So the code is still unhappy with that file. Can @luuulu guess something ? Yours, Steffen

luuulu commented 4 years ago

many thanks for your response! I also do not know more about that new error you got and it is also not clear to me why there is a non-standard data array in my mzML files.... :/

luuulu commented 4 years ago

I opened now an issue at pwiz (https://github.com/ProteoWizard/pwiz/issues/1133), hopefully they know what causes the error.

chambm commented 4 years ago

The integer data arrays for ms level on the TIC chromatogram make it easy for readers so-inclined to split the chromatogram into per-MS level versions. That error would be fixed by updating pwiz version (in retrospect we probably should have ignored and warned about unknown binary arrays). The is.unsorted error doesn't seem pwiz related.

luuulu commented 4 years ago

Thanks @chambm for your response!

@jorainer and @sneumann: Would it be feasible to update the pwiz library? I would love to be able to use MSnbase for my data analysis!

jorainer commented 4 years ago

that would be something that has to be done on the mzR package by @sneumann - that's a delicate process.
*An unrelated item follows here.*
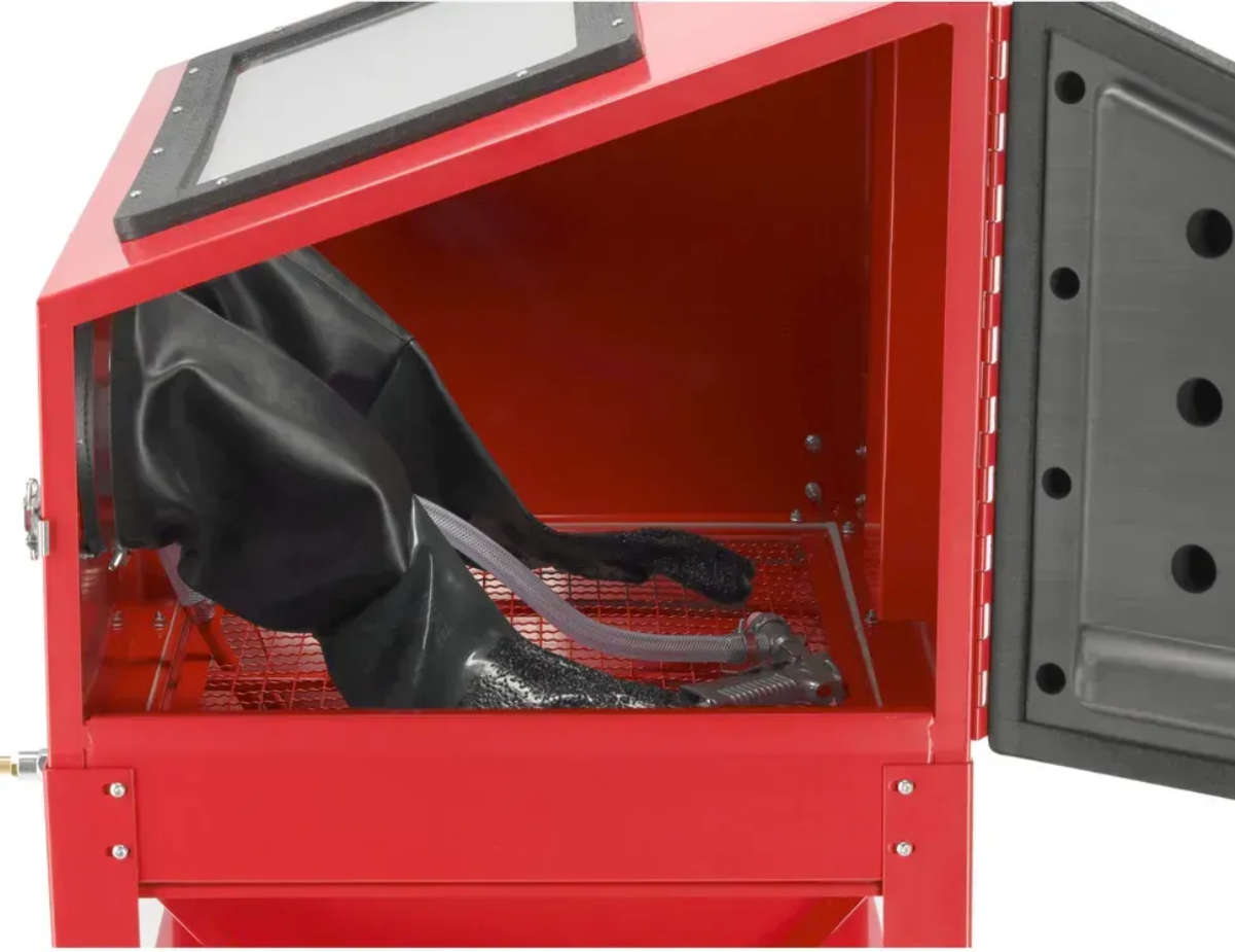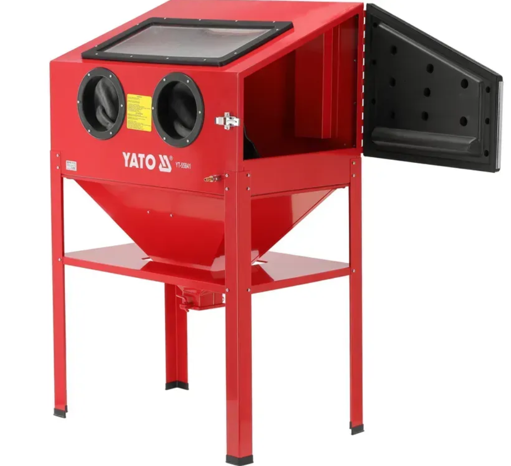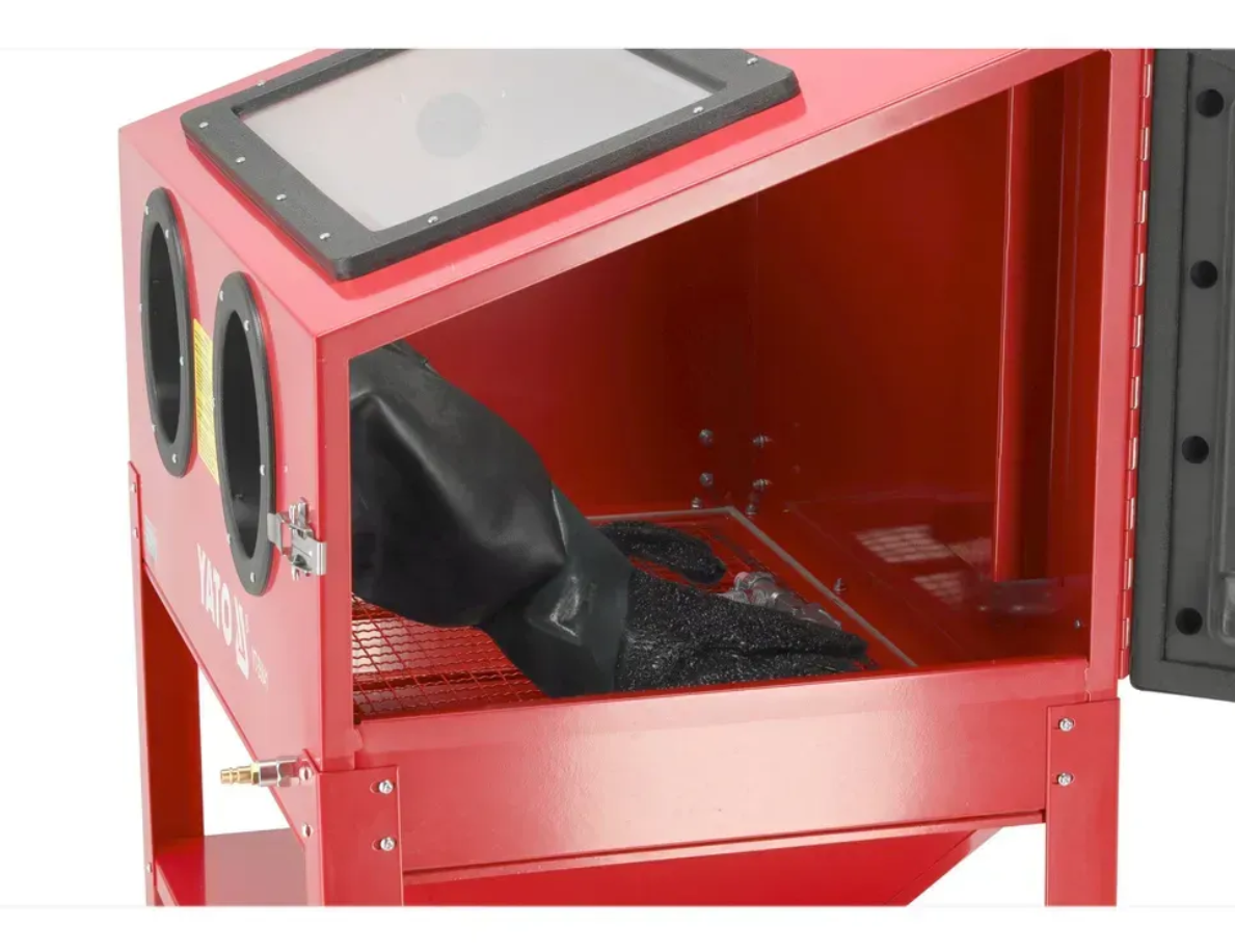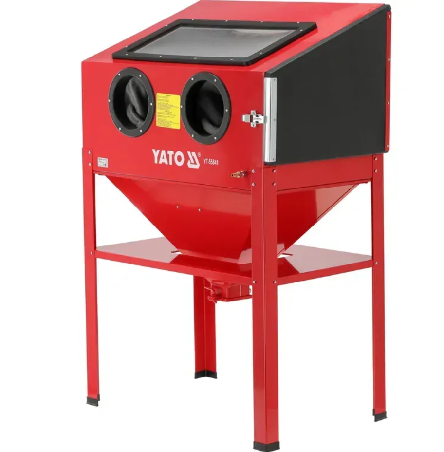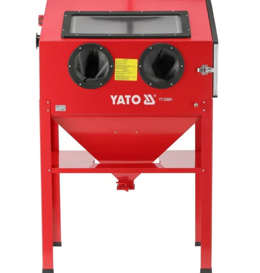 Пневматическая кабина пескоструйная машина YATO YT-55841 для быстрой и удобной очистки от ржавчины, краски и грязи с помощью циркулирующего абразива. незаменимая в автомобильных мастерских и на промышленных предприятиях.

sneumann commented 4 years ago

Hi, that update is quite overdue, but my last attempt was a failure. I certainly would need help by a C++ wizard here. Yours, Steffen

luuulu commented 4 years ago

Unfortunately, I can not help with C++. :/

It would be great to know if it would be feasible to do the update in the next weeks? Otherwise I will have to look for another solution as I need to process a large MRM data set.

chambm commented 4 years ago

I can certainly help with any pwiz build errors that pop up.

Danissss commented 4 years ago

Hi, any updates on this issue? Thanks